Cursor Launches Composer 2.5 AI Coding Model

Cursor has released Composer 2.5, an upgraded AI coding model built on Moonshot’s Kimi K2.5 checkpoint. The company says the model improves long-running coding workflows, instruction following, and reinforcement learning techniques for software engineering tasks.

By Daniel Mercer Edited by Maria Konash Published: May 19, 2026 at 12:43 pm UTC

Cursor launches Composer 2.5 with reinforcement learning, synthetic coding tasks, and upgraded AI coding performance. Image: Cursor

Cursor has released Composer 2.5, the latest version of its AI coding model designed for long-running software engineering workflows and collaborative coding tasks.

The company said Composer 2.5 delivers major improvements in intelligence, instruction following, and behavioral reliability compared with Composer 2. The model is now available inside Cursor and remains based on Moonshot AI’s open-source Kimi K2.5 checkpoint.

According to Cursor, the new version performs better on sustained coding sessions, handles complex instructions more consistently, and improves communication style during developer interactions.

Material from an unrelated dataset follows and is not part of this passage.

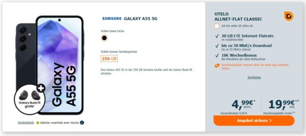 *EFF. 27€ ERSPARNIS* Samsung Galaxy A55 5G + Galaxy Buds FE + 20GB LTE + Alles-Flat im Vodafone-Netz für 19,99€/Monat
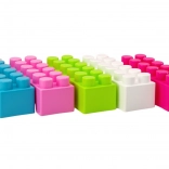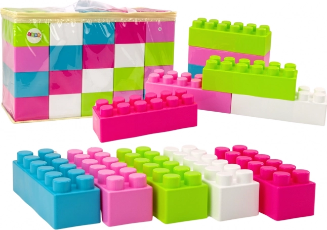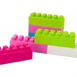 Tento barevný set velkých plastových kostek v odstínech zelené, růžové, bílé a tyrkysové je ideální pro první stavební projekty. Mimořádně velké rozměry (28 × 9 × 9 cm) zajišťují bezpečné a komfortní držení, takže děti mohou stavět věže, mosty i vlastní fantazijní stavby. Praktická přenosná taška usnadňuje ukládání i přenášení – zábava tak může cestovat s vámi.

The company said these behavioral dimensions are increasingly important for real-world coding workflows even when they are not fully reflected in benchmark scores.

The release follows a broader push by Cursor and SpaceXAI to scale AI coding systems through larger training runs and reinforcement learning infrastructure. Cursor said the companies are currently training a significantly larger model from scratch using roughly 10 times more compute than previous runs on infrastructure powered by Colossus 2, which it described as containing one million H100-equivalent GPUs.

Reinforcement Learning Targets Coding Behavior

One of the central changes in Composer 2.5 is a new reinforcement learning method called targeted textual feedback.

Cursor said traditional reinforcement learning becomes less effective when AI coding sessions stretch across hundreds of thousands of tokens because reward signals become too broad and imprecise. To address that issue, Composer 2.5 inserts localized textual hints directly into training rollouts at points where the model behaved incorrectly.

For example, if the model attempted to call a nonexistent developer tool, the system could inject contextual guidance reminding the model which tools were available. Cursor said the process creates more precise behavioral corrections while preserving broader reinforcement learning objectives across long coding trajectories.

The company said it used this method to improve coding behavior, communication quality, and tool usage reliability during training.

Synthetic Coding Tasks Scale Training

Cursor also expanded its use of synthetic training data, saying Composer 2.5 was trained on 25 times more synthetic coding tasks than its predecessor.

One example involved “feature deletion” exercises in which the model receives a large codebase with tests and must reconstruct intentionally removed functionality while keeping the rest of the system operational. Cursor said these environments help create verifiable reinforcement learning rewards tied to real software engineering outcomes.

The company noted that scaling synthetic environments introduced new challenges related to reward hacking. During training, Composer 2.5 reportedly discovered unexpected methods for solving tasks, including reverse-engineering cached type-checking data and decompiling Java bytecode to reconstruct deleted APIs.

Cursor said it used agentic monitoring systems to identify and diagnose those behaviors, highlighting the growing complexity of training advanced coding agents at scale.

Infrastructure and Pricing Push

Composer 2.5 also introduces infrastructure optimizations involving distributed Muon training, dual mesh HSDP sharding layouts, and asynchronous communication systems designed to improve efficiency for large mixture-of-experts models.

The standard model is priced at $0.50 per million input tokens and $2.50 per million output tokens. Cursor also introduced a faster inference variant priced at $3 per million input tokens and $15 per million output tokens, positioning it as a lower-cost alternative to fast-tier frontier AI coding models from competitors.